Nos mecíamos en la hamaca cuando empezamos a escuchar la voz de la tormenta. Primero nos habló con sus truenos desde las cumbres del Monte Turrubares. Luego empezó el susurro de las hojas de almendros, mangos, nance y cenízaro mientras se mecían en el viento. En mi ensueño yo no distinguía si era voz de aire o agua. Pero pronto llegó el inconfundible canto de la lluvia tropical: suave primero, al caer las primeras gotas finas sobre las anchas hojas de los almendros; estrenduoso después, al derramarse la tormenta en chorros de agua fresca sobre piedra, tierra y follaje. El viento, más sutil, armonizaba con su murmullo entre las ramas de los robles.

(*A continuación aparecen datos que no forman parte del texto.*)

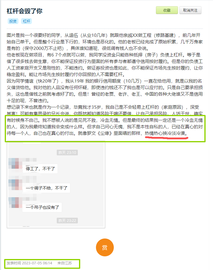 本来想把同学负债的事情放到以前帖子下的,长时间不更新不能更新了。周四打我微信视频、电话,毫无疑问借钱救火,我直接没接。就像我当时文章里面说的,我最终会变成一个冷血无情的人,我没有接电话,我的理解就是无底洞不如彻底暴雷老赖即可,我不想被拖下水。这2天见面也如我结尾说的:热情热心,换冷淡冷漠。

La voz de viento y agua me recordó nuestra caminata tribal hasta la catarata del río Tarcolitos, hace una semana. Primero nos susurró el viento al mecer hojas y ramas de los gigantes de la montaña. Luego nos invocó el río con su murmullo al correr por su cauce en el cañón. Y finalmente nos cantó la cascada al precipitarse el torrente del río a lo largo de trescientos metros de paredes y terrazas de roca maciza.
Entonces nos paramos frente a la cascada a dejar que su voz de viento y agua alimentara nuestro espíritu. Hoy nos mecimos en la hamaca mientras la tormenta revitalizaba nuestro ser con esa misma voz de agua que fluye y se adapta y aire que va y viene con libertad.